For many politicians, the incessant demands of a campaign are the most
enervating aspects of public life. One face after another, one more plea for money, one more speech where the words blur in dull repetition—at some point it can become too much. Morriss Henry, a state legislator from Fayetteville who along with his wife, Ann, befriended Clinton in 1974, realized one night that he lacked the characteristic that he saw in Clinton, the energy required to go the distance in politics. Henry, an eye doctor, had worked all day performing cataract surgery and came home “totally beat,” but corraled the kids and his wife into the Dodge van to attend a pie supper outside Fayetteville. On the way down, he suddenly blurted out, “
Do we
really have to go?” Two-thirds of the way there, he answered himself. “No! We don't.” He had hit his political wall, and he turned around.
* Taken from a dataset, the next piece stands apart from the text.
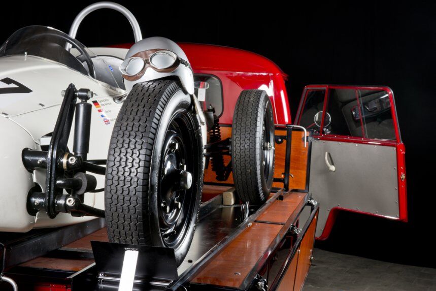 Aunque lo realmente interesante debe ser moverte con ese pequeño monoplaza en un circuito, porque cuenta con el FIA HTP (el pase de históricos que le permite correr en competiciones oficiales. Además, cada vez más organizadores de eventos quieren transportadores de época con sus coches de carreras de época. ¿Qué evento de coches clásicos no invitaría a esta peculiar pareja?

Clinton would never turn around. To him, the prospect of attending a pie supper in “Y” City or Mount Ida seemed invigorating. Pie suppers rank among the most cherished political folk rituals in western Arkansas. On any Saturday night during an election season, communities gather for an evening of entertainment as pies and cakes baked by local women are sold at auction, with the money going to volunteer fire departments or other civic institutions. One savory pecan pie can sell for three figures, especially if the politicians in attendance try to buy some goodwill and end up in a bidding war, as frequently happens. The candidates vie for microphone time between pie sales and announcements. Homemade desserts, picnic tables lined with voters, plenty of talking and raucous storytelling, usually some barbecue at the rear counter—Clinton was never more in his element. He also realized that every pie supper he attended helped him transform his image from the long-haired Rhodes Scholar and law professor into a young man of the people.